Феникс
Шрифт:
Он — президент. Муж Рут. Хозяин уютного дома, где приняли Надие как равную. Как немку. Так сказала шахиня. Значит, высшая оценка — по крови. Но он, президент, он — не немец. Как же относится к мужу Рут?
— Или ты не хочешь видеть Каюмхана?
— Не знаю… Удобно ли…
— Глупая. Ты моя гостья…
Он пришел. Тихий и усталый. С большими грустными глазами, подернутыми мягкой тенью. Нежными, как у женщины. Поцеловал лоб шахини и улыбнулся Надие.
Она привыкла видеть холодного Ольшера. Собранного, внимательно смотрящего на всех и почти безмолвного.
Сказал по-тюркски:
— Сестра…
Погладил ее волосы. Отсвечивающие чернотой волосы. И рука его была тоже теплой. Мягкая, холеная рука с прозрачным маникюром на ногтях.
Рука смутила Надие. Только рука. Не ко времени вспомнился Чокаев. Ольшер говорил о его смерти и почему-то связывал ее с именем Каюмхана.
— Бедное дитя… Тебе тяжело вдали от родины…
Она могла разрыдаться. Как Рут. Родину так редко вспоминали здесь. Далекую, неясную, светлую родину. Надие едва сдержала себя.
— Ну, ну… Нам всем тяжело…
Грустные глаза его повлажнели. Рука еще раз коснулась головы Надие. Потом пролетела над столиком и опустилась у бутылки токая.
— Ай, ай! Милые птички утоляли жажду запретным напитком.
— Нам скучно, — томно пропела Рут.
— И тебе, девочка?
Лучше было бы солгать вместе с фрау Хенкель. Но почему-то этому красивому седеющему человеку, такому внимательному к ней, хотелось сказать правду.
— Мне еще и больно, эффенди.
Каюмхан внимательно посмотрел на гостью. С интересом даже. Смелость мусульманки показалась ему неестественной. Впрочем, она турчанка. Это кое-что объясняет.
— Ты ищешь утешения?
— Нет.
— Странно. Или боль нужна тебе?
— Наверное.
Президент любил и умел утешать. С первого дня войны он только и делал, что утешал страдающих. Его обязанностью было, даже профессией, протягивать руку людям, истерзанным голодом и унижением. Лагери военнопленных, собственно, и существовали для производства человеческих мук. Каюмхан освобождал несчастных от мучений. Первыми словами его были призывы к терпению. Недолгому терпению, за которым следовало спасение. «Мы пришли, чтобы облегчить вашу участь. Позаботиться о вас. Спасти вас…»
— Ты не хочешь расстаться со своей болью? — удивился Каюмхан.
— Пока не расстанутся с ней мои соотечественники.
— О-о! — президент изобразил восхищение. Глаза округлились, вспыхнули добрым огнем. Впервые, кажется, слышал он голос души человеческой. Турчанка говорила не о физическом страдании, она не была пленницей, не носила на теле номер узника концлагеря. Она работала в Главном управлении СС. У самого капитана Ольшера. Пользовалась его симпатией. И испытывала боль. Боль мусульманки, потерявшей родину. Это великолепно. Таким не нужно утешение. Чем острее боль, тем глубже чувство, тем ярче национальная окраска. Это что-то близкое к фанатизму.

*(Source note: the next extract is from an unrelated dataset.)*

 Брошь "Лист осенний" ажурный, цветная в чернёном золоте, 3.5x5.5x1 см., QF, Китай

Доверчивые, печальные глаза Надие и слова ее, произнесенные с чувством, подкупили
— Вы изумительны! — восторженно произнес президент и стал разливать токайское в рюмки.

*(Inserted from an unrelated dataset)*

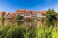 Voormalige vissershuisjes in Klein Venetië in Bamberg aan de Regnitz, Franken, Beieren, Duitsland.

Неожиданный комплимент смутил Надие. Она вспыхнула, лицо ее стало ярче, привлекательнее. Все, что таилось в глубине, все скрытое обычной сдержанностью, замкнутостью, на какое-то мгновение обозначилось в блеске глаз, в улыбке.

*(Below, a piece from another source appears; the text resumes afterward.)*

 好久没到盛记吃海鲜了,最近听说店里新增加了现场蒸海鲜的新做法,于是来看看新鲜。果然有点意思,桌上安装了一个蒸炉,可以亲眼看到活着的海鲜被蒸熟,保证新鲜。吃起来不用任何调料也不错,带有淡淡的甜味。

— За нашу гостью! — поддержала мужа Рут.
— Благодарю, — взволнованно прошептала Надие. — За вас, фрау…
Голова кружилась. До этой рюмки кружилась. И после нее продолжала кружиться. Каюмхан встал, прошел в соседнюю комнату и вернулся с новой бутылкой вина.
— Ты чародей, мой милый, — засмеялась Рут.
Она все еще ласкала Надие. Рука трогала ее шею, плечи. Иногда пальцы шахини вдруг становились жесткими, злыми и приносили легкую боль. Но тотчас смягчались, стирали неприятное ощущение.
Потом рядом оказался Каюмхан. Он тоже гладил Надие. Волосы гладил. Напевал что-то своим девичьим голосом. Любовное.
Снова пили вино. Темно-янтарное, пахнущее осенним блекнущим виноградом. Солнцем пахнущее. И, кажется, морем. Тем морем, которое жило в Надие.
— Вы поете песни детства? — спросила она Каюм-хана.
— Юности, — поправил президент. — Мы с вами уже европейцы, но кровь Востока иногда напоминает о себе. — Он запел веселую, очень глупую, пошловатую песенку, с намеками, заставившими гостью покраснеть.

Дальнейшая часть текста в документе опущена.